RNA editing by adenosine deaminases that act on RNA (ADARs) convert adenosine to inosine in double-stranded RNA.  ADARs are crucial for proper neuronal function since several RNAs encoding neuronal proteins are edited. The crystal structure of the catalytic domain of human ADAR2 reveals a zinc ion in the active site that suggests how the deamination reaction is catalyzed. The Macbeth lab has identified a molecule, inositol hexakisphosphate, buried within the catalytic domain that is essential for ADAR activity. Two phosphate groups of IP6 interact with amino acid residues including K519, D392 and K483 to create a salt bridge with the zinc ion. A site-directed D392N mutation was constructed in hADAR2 and the catalytic domain truncation. This conservative mutation of a negatively charged aspartic acid to neutral but isometric asparagine may reveal the essential nature of the salt bridge network between IP6 and the active site.

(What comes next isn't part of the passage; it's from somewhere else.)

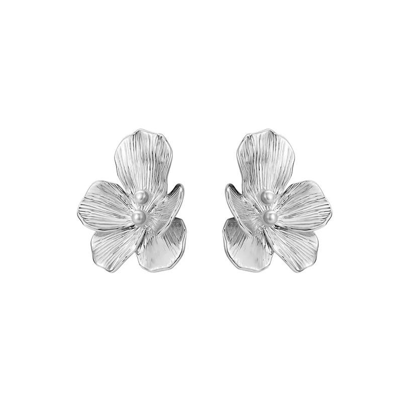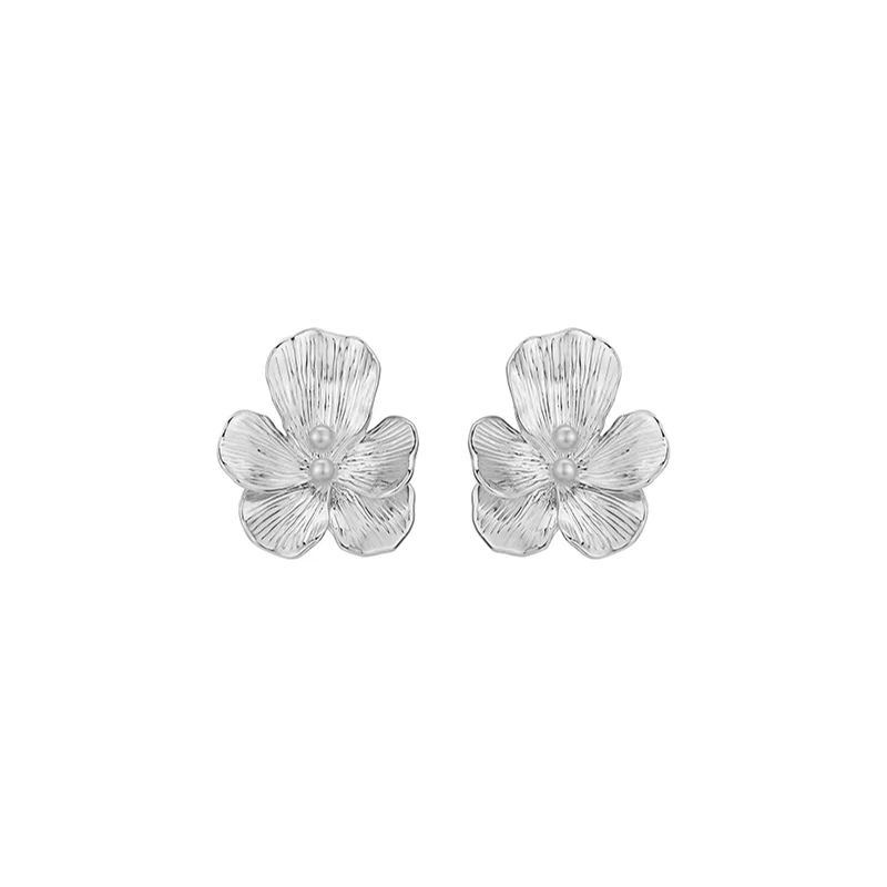 Pansy Collection Flower Shape Silver Earrings With Pearl

The mutant genetic material was transformed into Saccharomyces cerevisiae, which like other eukaryotes contains IP6. Yeast cells harboring the full length ADAR mutant and catalytic domain mutant genes showed protein expression after induction with galactose. After isolation of the mutant protein, editing activity will be compared to the wild type ADAR.  The structure of the mutant catalytic domain will be determined by x-ray crystallography to assess the effect of this mutation on the protein structure.